There were no longer two men in the chamber. There were two forces, standing off against each other. Bram realized he had made the mistake of assuming that Mallin, and therefore the Phage, was the superior power. He was wrong. Argola commanded something equally ancient and knowing.
Mallin gave under its force. “What is done is done.”
Argola nodded in acknowledgment, and instantly whatever willpower or real power he had spooled into the room was retracted. “We watch and wait?”
The question sounded like an offering to Bram; a magnanimous victor sharing his spoils. Mallin shrugged. He looked old and weary and ready to leave. “We prepare.”
“Mor Drakka fighting for the Sull is still Mor Drakka.”
Mallin swung a hand into the air, pushing back Argola’s words. “No Knife is renegade Sull. She’s half insane, and she’s attracted the worst kind of followers. I would not wish her on my enemy.”
Argola did not disagree. Crossing to the door, he said, “We would all wish it different.”
Mallin studied him a long time, and then stood. Bram followed. He waited for the ranger to say something but Mallin did not speak. Argola’s words gained weight in the silence.
The outlander opened the door.
“He’s a Hailsman.” Bram hadn’t known he was going to speak until his mouth opened. “He has clan and kin.”
Argola and the ranger looked at him. Again, there was nothing more to say.
Bram stepped out into the cool brightness of a spring day. Not wanting to hear whatever words of parting the two men would say to one another, Bram walked to the edge of the cliff.
He stood there and did not think. Then, with slow deliberation, he unsheathed Robbie’s great two-handed longsword and threw it
into the Rift.
CHAPTER 19
A Day in the Marshes
CHEDD’S CHIN WASN’T looking good. The cut under his jaw was black and wet-looking and his entire lower face looked puffy. His hands went to the wound constantly. “Doesn’t feel right, Eff.”
“Oh, it’s fine,” she told him impatiently. “Swelling’s a natural response to injury.”
“But that was five days ago.”
Effie couldn’t think of a reply to that so she changed the subject. “It’s stopped raining. Let’s see if we can get outside.”
Chedd frowned. “But we’re supposed to be on pump duty.”
“You’re too sick and I’m too . . . small.”
“Buckler will come and find us.”
“Let him. What did he do when he found you sneaking fishcakes from the kitchen the other night?”
“Put me on pump duty.” Chedd thought about this for a minute, then grabbed his cloak. “Let’s go.”
The Grayhouse was dripping. The clinker blocks were like sponges that had absorbed their capacity and were now leaking. It had rained for the past four days, a cold icy curtain that hammered the marshwater into an unreflective surface and flattened great saddles of reeds. The Salamander Door was open and no one appeared to be on guard duty, so Chedd and Effie made a run for it.

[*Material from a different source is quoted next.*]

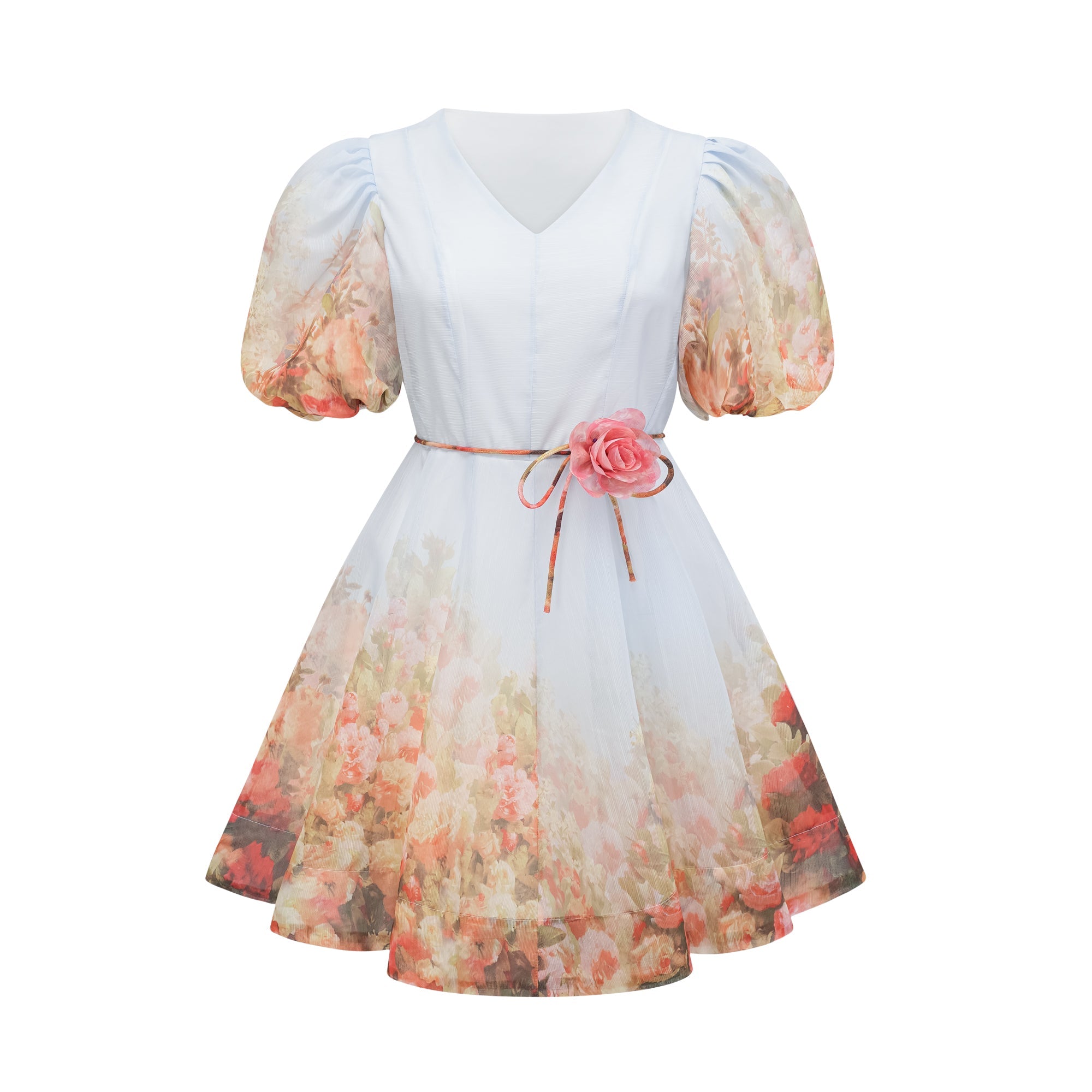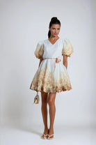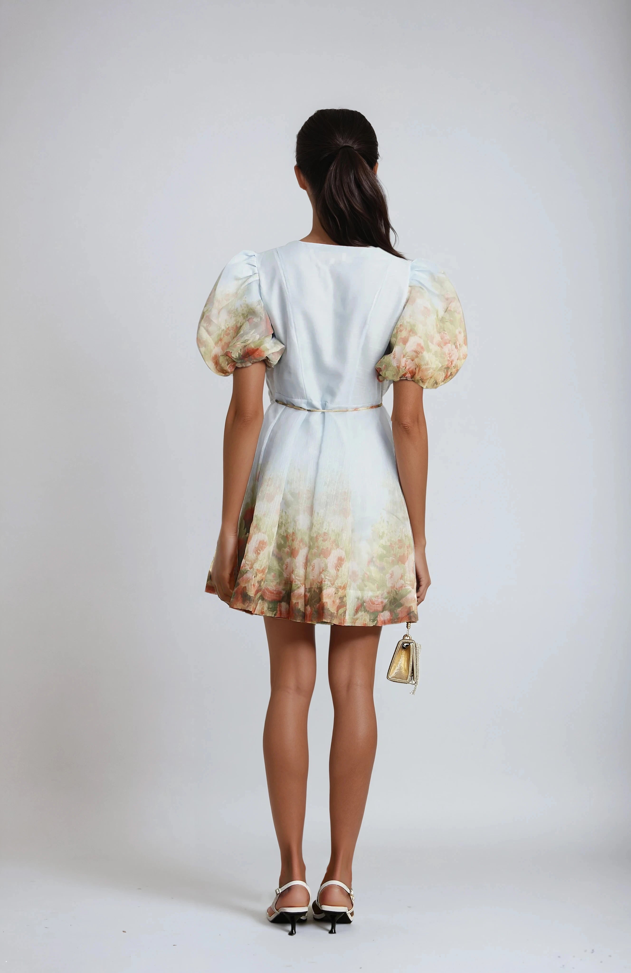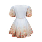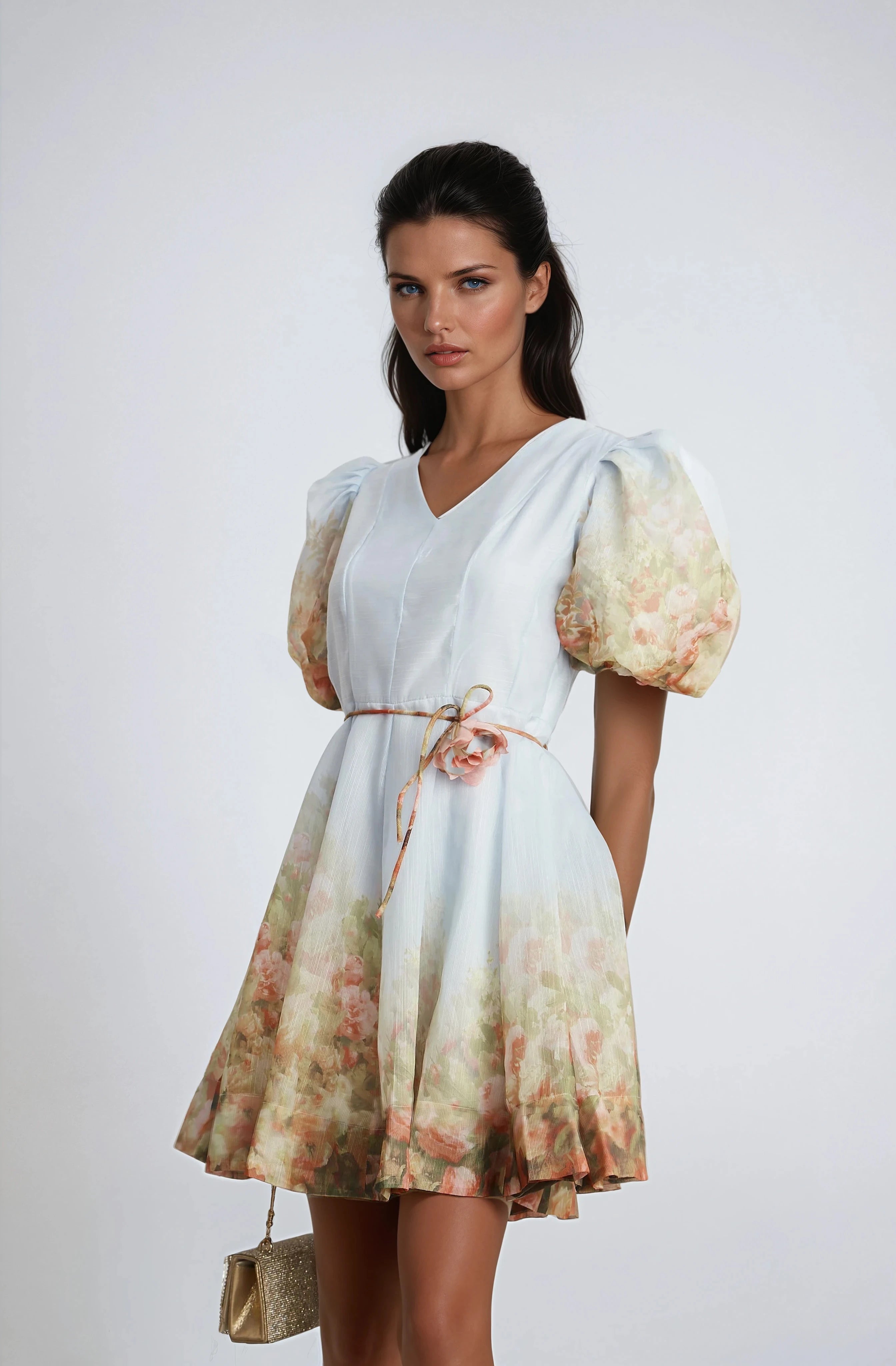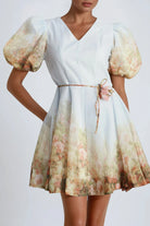 Introducing the Céleste Mini Dress With Floral V-Neck, a must-have addition to your wardrobe. This dress features short puff sleeves, a V-neckline, and delicate faux-flower embellishments. With its tied-waist belt and rear zip fastening, it offers a perfect fit. Elevate your style with this elegant and versatile dress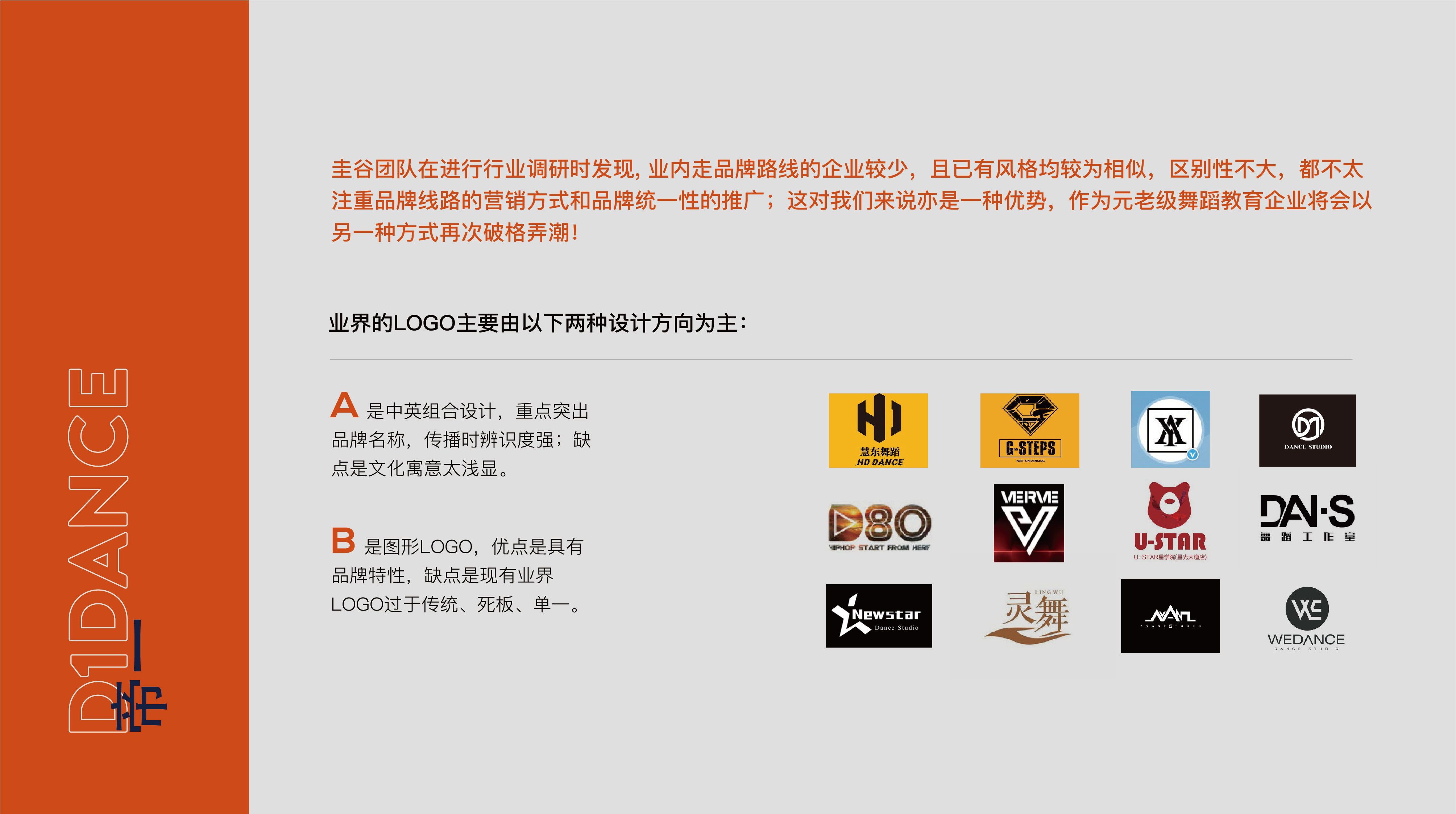 圭谷團隊在進行行業(yè)調(diào)研時發(fā)現(xiàn), 業(yè)內(nèi)走品牌路線的企業(yè)較少,且已有風格均較為相似,區(qū)別性不大,都不太注重品牌線路的營銷方式和品牌統(tǒng)一性的推廣;這對我們來說亦是一種機會,帝一作為元老級舞蹈教育企業(yè)將會以另一種方式再次破格弄潮!

Outside, the wind was up, pushing water against the roundhouse’s platforms and blowing the flames off the gas vents. Men and women were out in the thin, peapod-shaped boats that were used to navigate the narrow channels of the Reed Way. The women were clearing reeds from the lake, a job that was done from dawn to dusk every day. The lake surrounding the roundhouse was the only open water for leagues. It was a precious commodity, ever-threatened by invasive, choking reeds. Clansmen were out trapping birds and game. Unlike other clans, trapping was men’s work here. Big, complicated bamboo-and-bulrush cages were floated onto the islands and out into the sea of reeds. Effie spotted a man wearing green-dyed muskrat skins in one of the trapping boats.